However, this will increase the memory requirements. There is no
need to store the cache line number explicitly in the buffer table,
since the value can be computed from the index value. This is a
result of having a known number of blocks per line. The location of
the data storage in the cache line can be computed with the above
information plus the starting location for the cache line.
[0049] In the preferred embodiment of the invention, when a line is
posted, the entries are loaded into the linked list starting at the
hash table (the head of the list). This means that during a lookup
operation, the first matching entry is the most recent. When a line
is flushed, the entries will thus be removed from the end of the
linked list, thereby ensuring that the sequence order is
preserved.
[0050] Post Operation
[0051] FIG. 4 shows the details of the post operation 400. At step
402, the post operation is passed a set of sectors and the
associated addresses. The cache is checked in step 404 to see if it
is full. If there are no free lines, then the cache is searched for
each of the sector addresses at step 406. This involves computing
the block number and bitmap for the sectors as previously
described, and computing the hash value and traversing the list in
the hash table searching for a match. At step 408, if none of the
sector addresses are in the cache, then the sectors are written
directly to the target locations at step 434, and the post
operation is indicated as completed at step 436. At step 408, if
any of the sector addresses were found in the cache, then the
corresponding entries in the buffer table must be invalidated. The
set of sectors not in the cache are written to the target sectors
at step 410. At step 412, a flush operation is invoked to make room
in the write cache. The set of sectors that are in the cache is
then passed to step 414 to be posted. This is just one of many
possible methods for keeping the cache state coherent. At step 404,
if there is room in the cache, the sectors are passed to step
414.
[0052] At step 414, a cluster of the cache lines is determined that
it will receive the cached data. At step 416, the sequence number
is incremented. The cache line pointer for this cluster,
postline.sub.cluster#, is then incremented in wrapping or
first-in-first-out (FIFO) style (i.e., modulo the number of cache
lines in the cluster) in step 418. At step 420, a set of block
numbers and bitmaps is created from the sector addresses, in
addition to the cache line meta-data. At step 422, these are
written as a unit to the cache line indicated by postline. Steps
424, 426 and 428 constitute a loop wherein the hash table is
updated by adding an entry for each block in the cache line. This
involves computing the hash for each block, then inserting the
index to the BufTable entry for the block at the front of the
linked list, and updating the next index value of the BufTable
entry to point at the prior first list entry. This ensures that the
linked list is sorted in order of sequence number. At step 430, the
post is indicated as complete to host 102. Finally, at step 432, a
snapshot post operation is signaled, which may result in a snapshot
of the meta-data being written to storage. Although not shown, the
list of sectors may result in multiple lines being posted.

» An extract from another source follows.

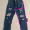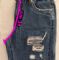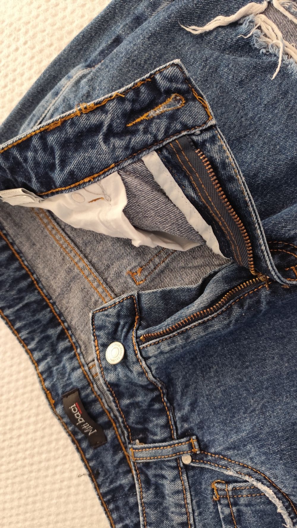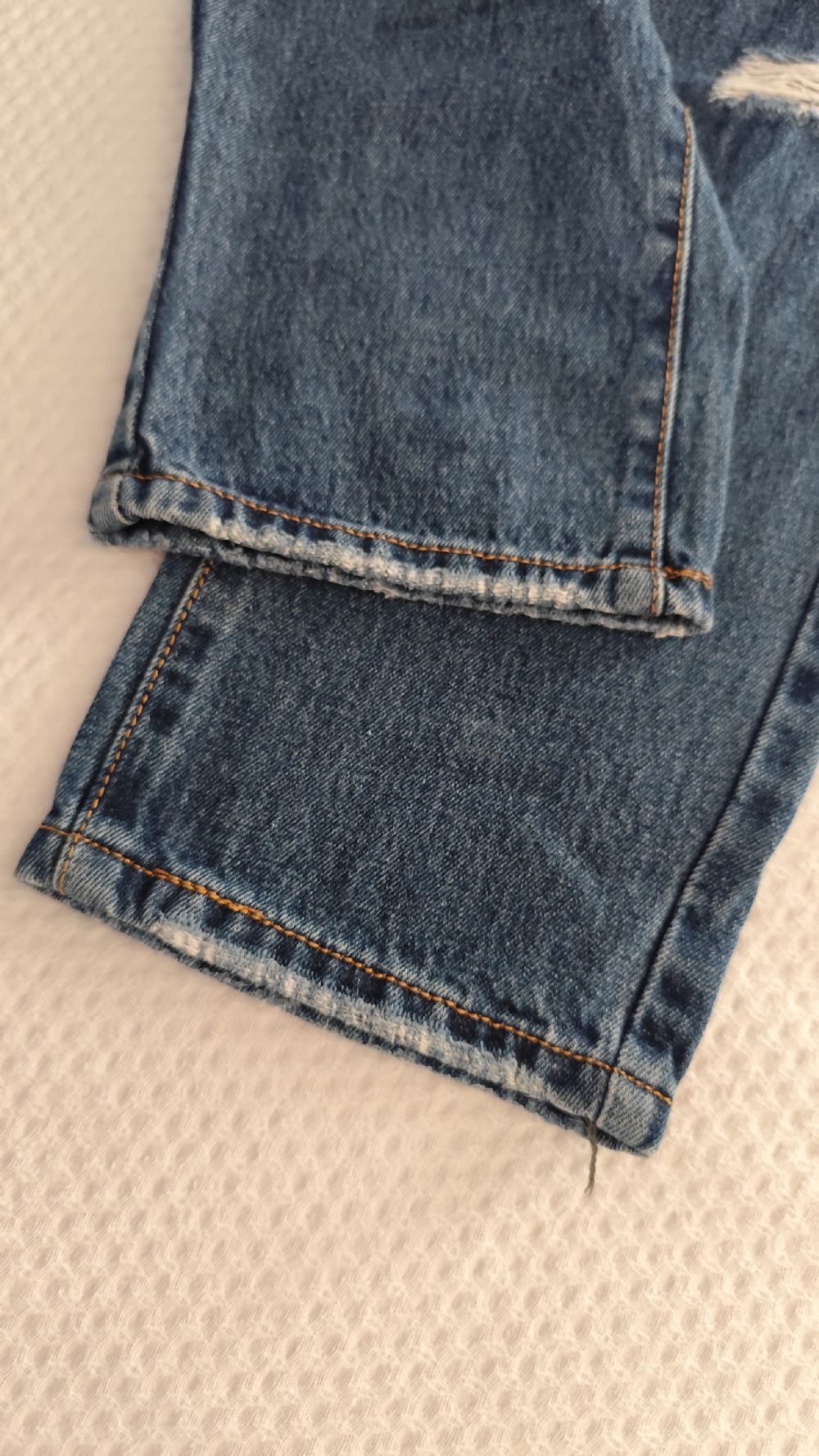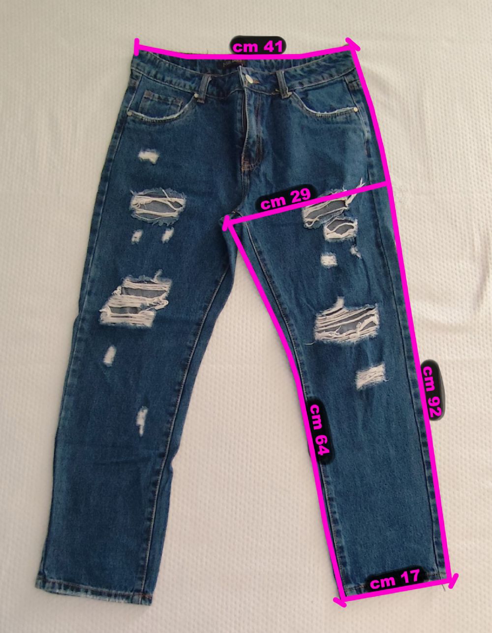 Descrizione:Pantalone jeans in denim unisex, modello 5 tasche mum-fit con abrasioni e strappi sulle cosce e sulle tasche. Tessuto non elasticizzato con lavaggio medio e strappi bianchi. Sportivo e versatile, è in perfetto stato, senza difetti.

[0053] The above description is only intended to illustrate key
features of the post operation for keeping the cache state
coherent. Other methods might also be used. For example, one might
want to first determine the set of operations to be performed, then
use an optimizing algorithm to coalesce and order the media write
operations. Further, at steps 412 and 414, one might use the flush
then post method of keeping the cache state coherent. Other methods
are applicable, such as by modifying the system meta-data to
invalidate the entries. In addition, it may be desirable to replace
an existing hash entry for a block, instead of inserting the new
value at the head of the list. This will keep the linked list short
at the expense of additional processing to search the linked list
on a post operation.
[0054] In the preferred embodiment of the invention, the cache
lines are filled in a FIFO order within each cluster. In a FIFO,
lines are posted in increasing order of line number, modulo the
number of lines. In this configuration, each cluster has a read
pointer (sequence number of the next line to flush) and a write
pointer, postline.sub.cluster# (sequence number of next line to
post). This arrangement simplifies the recovery of the cache state
upon initialization, as described later.
[0055] The post operation may be triggered by a variety of
conditions. During heavy write operations, a post may be initiated
when the L1 write cache is nearly full. It may also be triggered
when a line's worth of data is in the L1 write cache, or when there
is a drop off in the write activity, or after data has been in the
L1 write cache for a certain period of time. The method based on
write activity is well suited to situations where L1 write caching
is not used at all. In this case, the goal is to post the lines at
a rate that improves the write rate when compared with writing data
in the target sectors.
[0056] Flush Operation
[0057] The flush operation is used to clear data from the cache
lines and write the sectors to the target addresses. Read
performance is typically enhanced compared to a fully log
structured system when the cached data is moved to the target
locations, since the sector addresses assigned by the host 102 are
often locally contextually similar, even though they are written
out of order. However, the flush operation is time consuming, and
is ideally performed during idle intervals. Many storage workloads,
such as those generated for desktop and mobile storage systems, are
characterized by short bursts of activity (high peak I/O rates)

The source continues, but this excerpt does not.